In 1925, MERALCO, was acquired by the utility holding company Associated Gas and Electric or AEGCO (reorganized as General Public Utilities Corporation or GPU in 1946), which had begun a massive expansion throughout the United States and Canada. With AGECO's financial backing, MERALCO began acquiring a number of existing utility companies in the Philippines, enabling the company to expand beyond its Manila city center base.

By 1930 MERALCO completed construction of the Philippine's first hydroelectric power plant, the 960-kilowatt Botocan Hydro Station. At the time, this plant was one of the largest engineering projects in Asia and constituted the largest single private capital investment in the Philippines. The additional capacity allowed the company to begin hooking up customers throughout the Metro Manila area.

Retail Enterprises

To drive demand for more power, Meralco also opened a retail store in order to sell electric home appliances.

World War II

During Greater East-Asia War, the Japanese Occupation Forces forcibly transferred all of Meralco's assets and holdings to the Japanese controlled Taiwan Power Company. By the end of the war, most of the former Meralco operations had been destroyed.

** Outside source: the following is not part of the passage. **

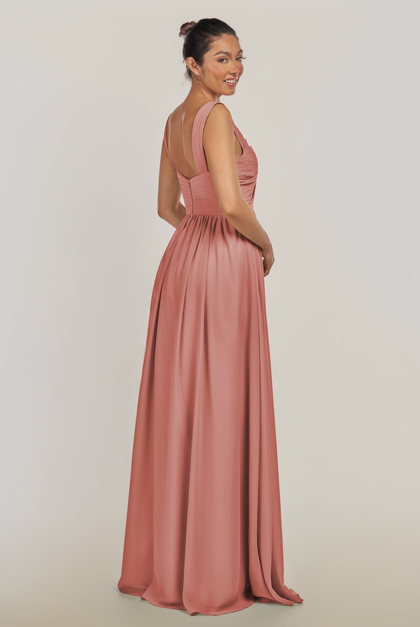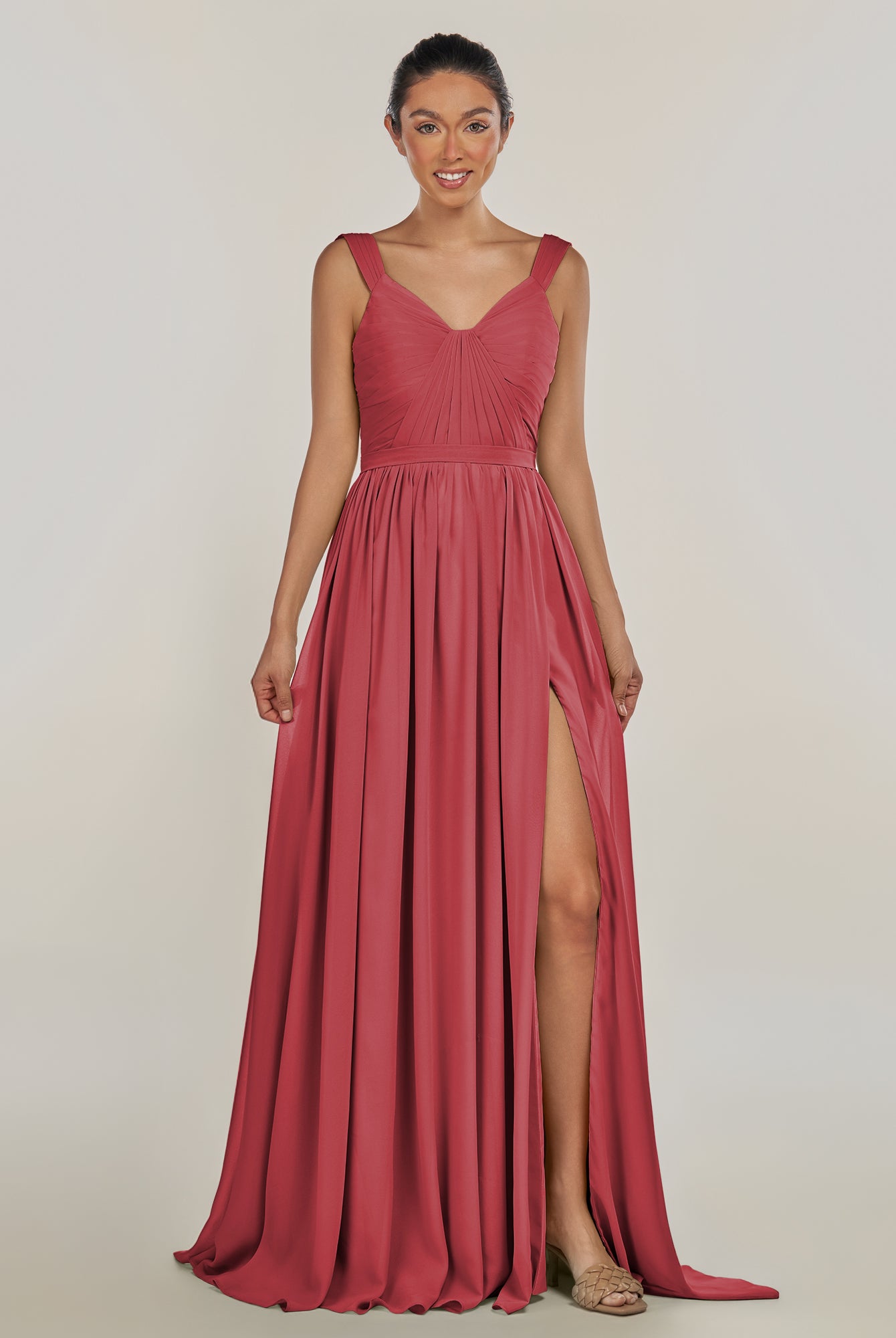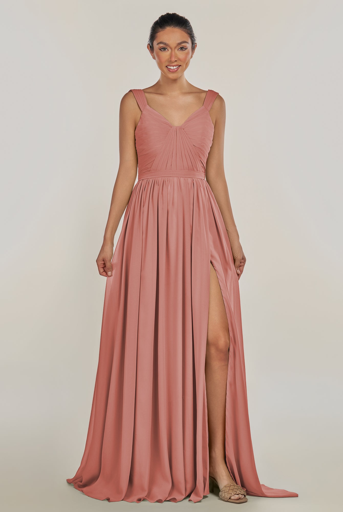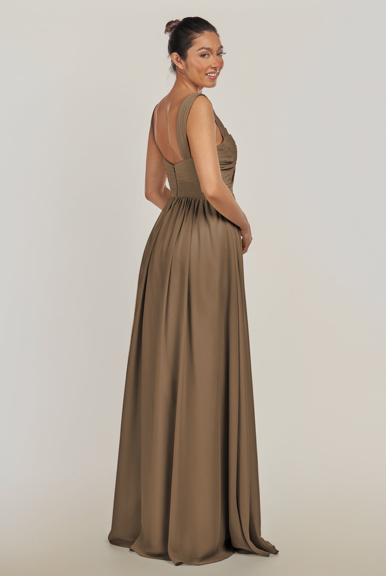 Fira | Cinnamon - A Line Chiffon V Neck Pleated Long Bridesmaid Dress with Slit

Post War Reconstruction (Nationalist Era)

After WWII, MERALCO's autobus franchise was sold to Halili Transport. In 1962, Don Eugenio López, Sr. acquired MERALCO and it finally became Filipino-owned. In buying Meralco, Don Eugenio demonstrated his belief that Filipinos could manage businesses even better than Americans. During 1962-72, he increased MERALCO's power generating capacity five times.

Martial Law Period

In 1972 President Ferdinand Marcos both instituted martial law in the Philippines and issued Presidential Decree No. 40 which forcibly nationalized the country's electric generation and transmission.

The son and grandson of Don Eugenio Lopez, Meralco owner at the time, were kidnapped by the government to force Don Eugenio to hand over his business empire. The regime arrested his son Eugenio Lopez, Jr. (better known as Geny) on trumped-up charges of conspiring to assassinate the president. With his son held hostage, Don Eugenio was forced to give up his holdings in a group of companies worth several hundred million dollars, but Geny was not released from prison.

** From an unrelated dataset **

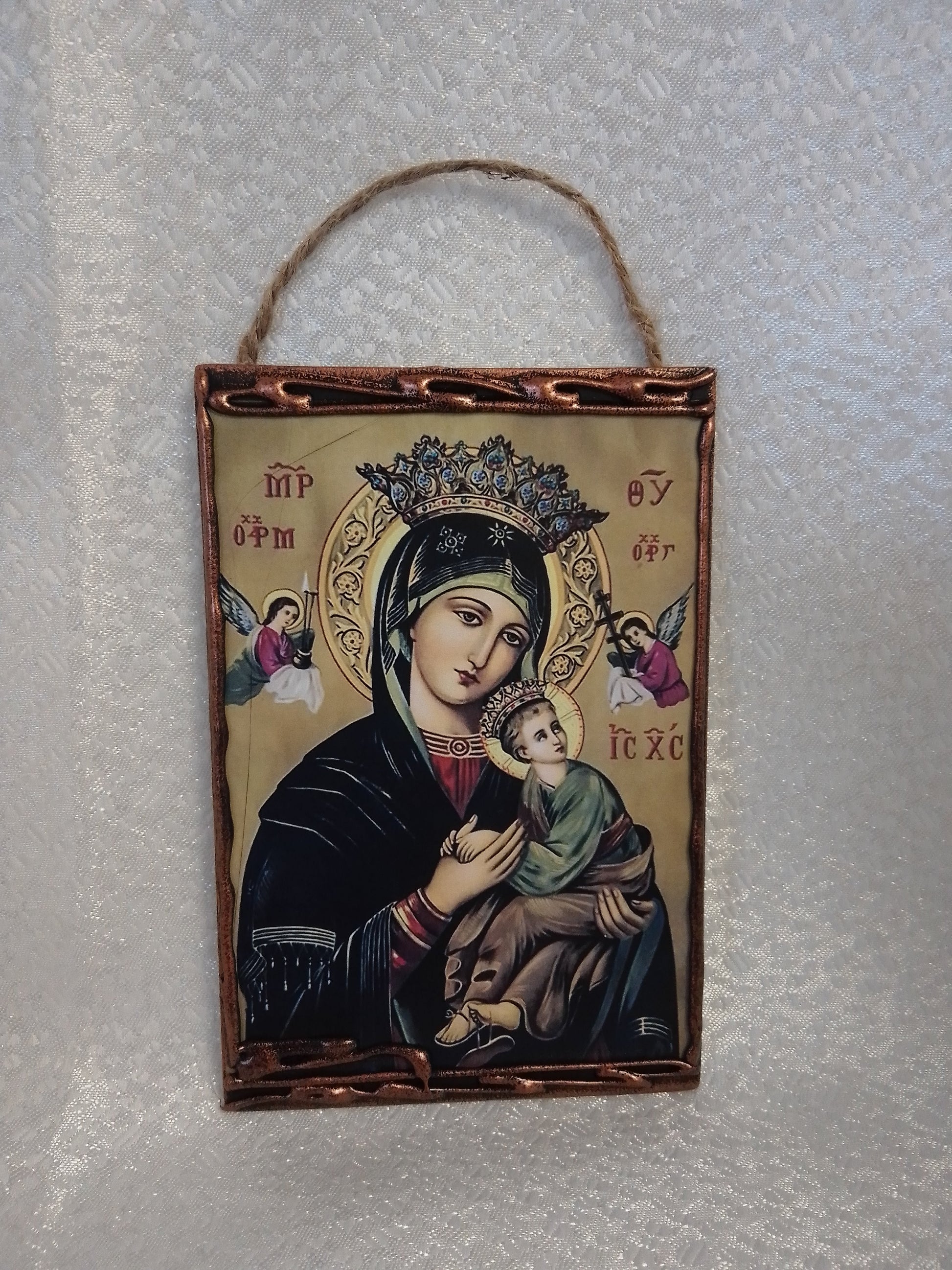 Малка картина за окачане "Богородица и младенеца" 9х13 см.

By decree, the ownership of the company stripped away from the Lopez family and placed under a shell company called the Meralco Foundation, Inc., controlled by crony under the newly-created, government controlled Napocor.

By 1978 all of the Philippines' major power plants, including most notably those previously owned by MERALCO, were owned and operated by NAPOCOR. Control of the Meralco corporation itself was seized by the Marcos Dictatorship, but was returned to its prior owners after the EDSA Revolution.